Придется самому лезть в Гугл, искать истории про Ямаубу, сравнивать старинные и современные иллюстрации, пытаться увидеть Ханако – до и после превращения.
Мне нужно по-настоящему увидеть персонажа, иначе я не смогу его рисовать.
Была бы рядом Кумико, она бы… Но ее нет.
Значит, нужно справляться самому.
Я закрываю глаза и пытаюсь сконцентрироваться на истории юной девушки, по воле злого демона ставшей мерзкой старушенцией.
Образы, картины, обрывки фильмов – без начала и конца - заполняют мозг, вырываются из подсознания, мельтешат, путаются, выстраиваются в длинные ряды, сворачиваются в спирали-амфисбены, ленты Мёбиуса, складываются в кубик Рубика, который еще только предстоит собрать. Я беру его в руки и начинаю поворачивать разноцветные, переливающиеся, как крылья волшебной бабочки, грани; складывать картинку из разрозненных фрагментов – лица, запахи, весенний ветер, пряди волос, обрывки фраз; из кусочков жизни, которую я не помню.
…Впервые я увидел Кумико на Тауэр-бридж. Она стояла посреди моста, задрав голову вверх, глядя в серое, с тяжелыми, провисавшими до верхушек мостовых башен тучами, готовое пролиться дождем лондонское небо. Туристы обходили замечтавшуюся девушку с двух сторон – так река, раздваиваясь на два рукава, обходит маленький островок.
Она стояла и смотрела в небо, а я – замерший в паре метров от нее соляным столбом – на нее: тоненькую, темноволосую, с растрепанной челкой и удивительными, нездешними, неправдоподобно-неземными карими глазами. Наконец, отыскав что-то важное и видимое только ей, Кумико опустила голову, потерла шею и двинулась в сторону замка. Я рванул следом, боясь, что она исчезнет в потоке туристов, как исчезает капля воды на камне, смытая волной. Догнал, схватил за рукав и ляпнул первое, что пришло в голову:
- Простите, можно проводить вас по Тауэру?
Как ни странно, она сказала «да».
Десять дней, как верный пес-оруженосец, я таскался за Кумико. Вместе с ней осматривал дворцы, музеи, парки, старинные улочки Хэмспеда и открытые для любопытствующих особняки королевской семьи, граффити Бенкси и выставку в Тейт Модерн, экспозицию вееров и блошиный рынок Кэмдена. Мы ходили на ланч в Чайна-тауне, а на поздние вечерние «перекусы» - к уличным палаткам фиш-энд-чипс; пили пиво в пабах Сити, смотрели фейерверк с борта теплоходика, идущего по Темзе, и высокомерно оглядывали город с высоты Лондонского Ока.
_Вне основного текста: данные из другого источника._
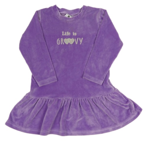 Fialové plyšové šaty so srdiečkami a nápisom
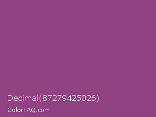 Decimal 87279425026 Color is a normal magenta color and the nearest color is Plum #8e4585. Hex code #924182 and RGB value is rgb(146,65,130). In RGB color space, this color is composed of 57% red, 25% green, 51% blue, In CMYK color space, this color is composed of 0% cyan, 55% magenta, 11% yellow , 43% black , In HSL color space, this color has a hue angle of 312° , 38% saturation and 41% lightness.

Через десять дней я провожал Кумико домой, в Токио. В Хитроу, за десять минут до начала посадки, я спросил, согласна ли она выйти за меня замуж.
Как ни странно, она снова сказала «да».
Поженились мы только через год. Кумико надо было закончить учебу, а наши родители настаивали, чтобы мы – «такие молодые и неопытные» - «проверили свои чувства».
Кумико так и не смогла привыкнуть к вечно-серому небу и городу, к влажным туманам и мокрым зимам, заливающим лондонские улочки слезами мгновенно обледеневающей измороси. Она скучала по весенним укрытым бело-розовым покрывалом садам; по сливовым дождям, растворяющим небоскребы и домики в сиреневом тумане; по многоголосому шуму рынков и пристаней и тишине парков.
Кумико задыхалась в Лондоне, грезила о море, ветре, солнце, поэтому мы каждое лето вдвоем (а когда появился Джонни – втроем) выбирались бы на пару недель на остров Уайт.
Странно, но я удивительно четко помню всё, что касается нашей семейной жизни. Помню запах горячих тостов по утрам, раскиданные по ковру игрушки Джонни; помню стройную фигурку жены в красном купальнике и ее же – в растянутой футболке и шортиках – на диване в моем кабинете; помню, как мы занимались любовью и ссорились, ездили на выходные к друзьям и вместе рисовали комиксы по историям Микки. Но я не могу, хоть и пытаюсь – до рези в глазах, до головной боли, раскалывающей череп изнутри, - вспомнить лицо моей милой.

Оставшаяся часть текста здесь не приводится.